→ Collected data entries:
Start of Block

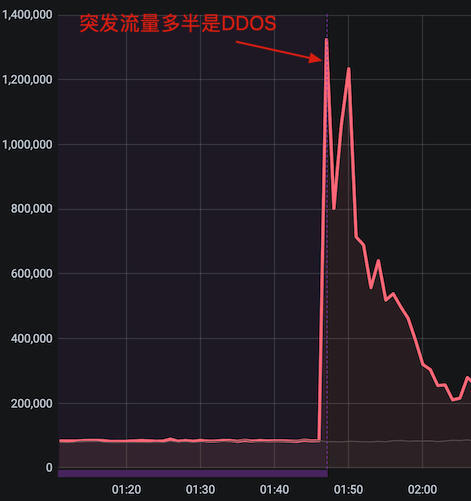 我们也系统性地分析了DDoS的核心方法,也就是用“耗尽网络带宽”的方式,让被攻击站点无法正常提供服务。在排查方面,当我们发现服务异常时,在服务端做抓包分析,可以快速定位是否有DDoS攻击。也可以直接根据带宽使用图,关注到突发的巨型流量时也可以直接判定是DDoS攻击。
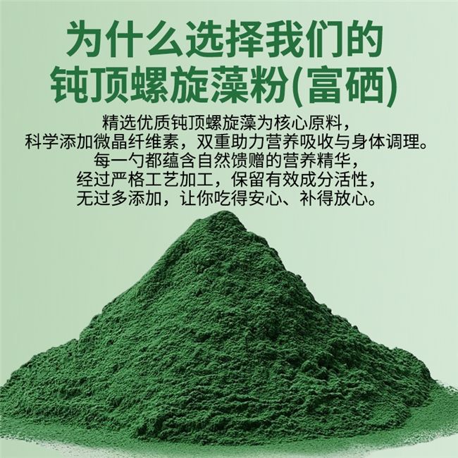 产品色泽均匀一致,质地细腻,研磨充分,易于溶解吸收,口感醇厚,藻腥味纯正,彰显天然螺旋藻的优质品质。日常服用可搭配米粥、牛奶等温和食物,更适配胃肠道吸收节奏。
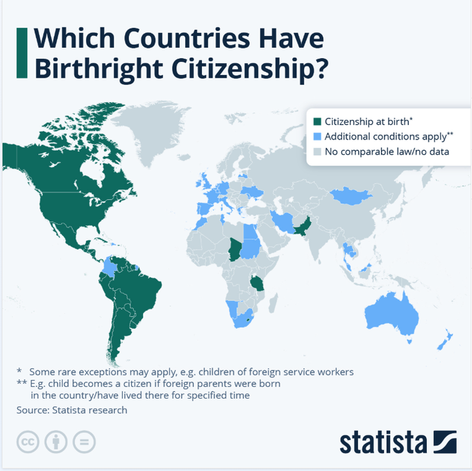 Birthright citizenship is not unique to America, Truth Social posts to the contrary. See this chart from May 2025:
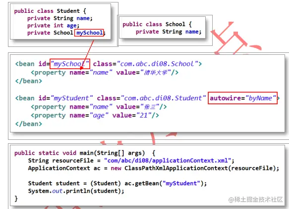 当配置文件中被调用者 bean 的 id 值与代码中调用者 bean 类的属性名相同时,可使用byName 方式,让容器自动将被调用者bean注入给调用者 bean。容器是通过调用者的bean类的属性名与配置文件的被调用者bean的id进行比较而实现自动注入的。
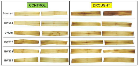 Accumulation of hydrogen peroxide in representative leaf fragments of each genotype grown under the control and drought conditions. The H2O2 accumulation is visible as brown spots.
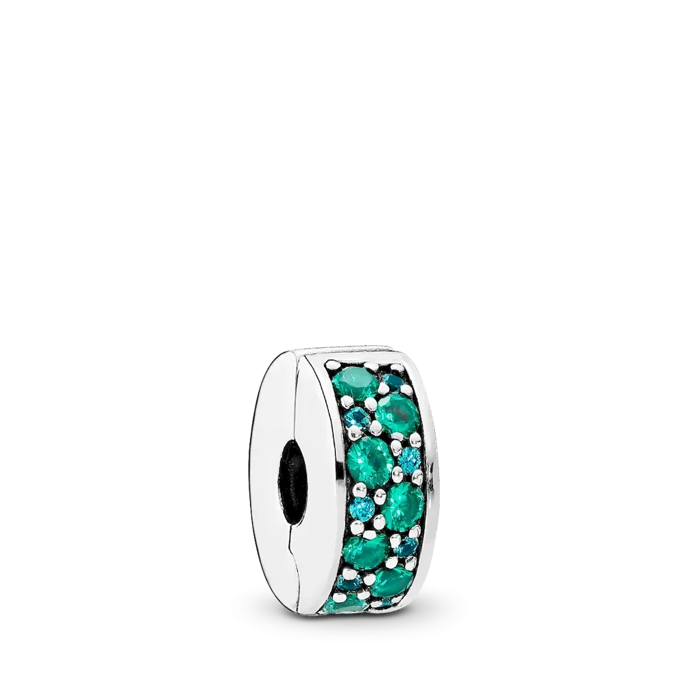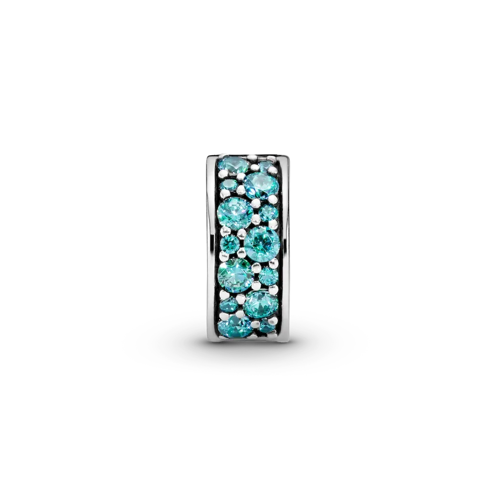 Add balance and beauty to your bracelet with our sterling silver clip charm, hand-finished for a human touch. It’s been lovingly pavé-set with teal-colored cubic zirconia that lend subtle sparkle to your look. Clip multiples onto your Pandora Moments bracelet to create a symmetrical styling. Or just add one. Your mood sets the tone. This clip charm features a silicone grip, does not fit onto threads (two raised charm dividers.) This charm can be styled anywhere else on the bracelet.

End of Block

→ Problem: Could you write out exactly the lines of the data above that run from the one holding "当配置文件中被调用者 bean 的" to the one holding "Accumulation of hydrogen", with both ends in and all pictures out?

→ Task solution:
 当配置文件中被调用者 bean 的 id 值与代码中调用者 bean 类的属性名相同时,可使用byName 方式,让容器自动将被调用者bean注入给调用者 bean。容器是通过调用者的bean类的属性名与配置文件的被调用者bean的id进行比较而实现自动注入的。
 Accumulation of hydrogen peroxide in representative leaf fragments of each genotype grown under the control and drought conditions. The H2O2 accumulation is visible as brown spots.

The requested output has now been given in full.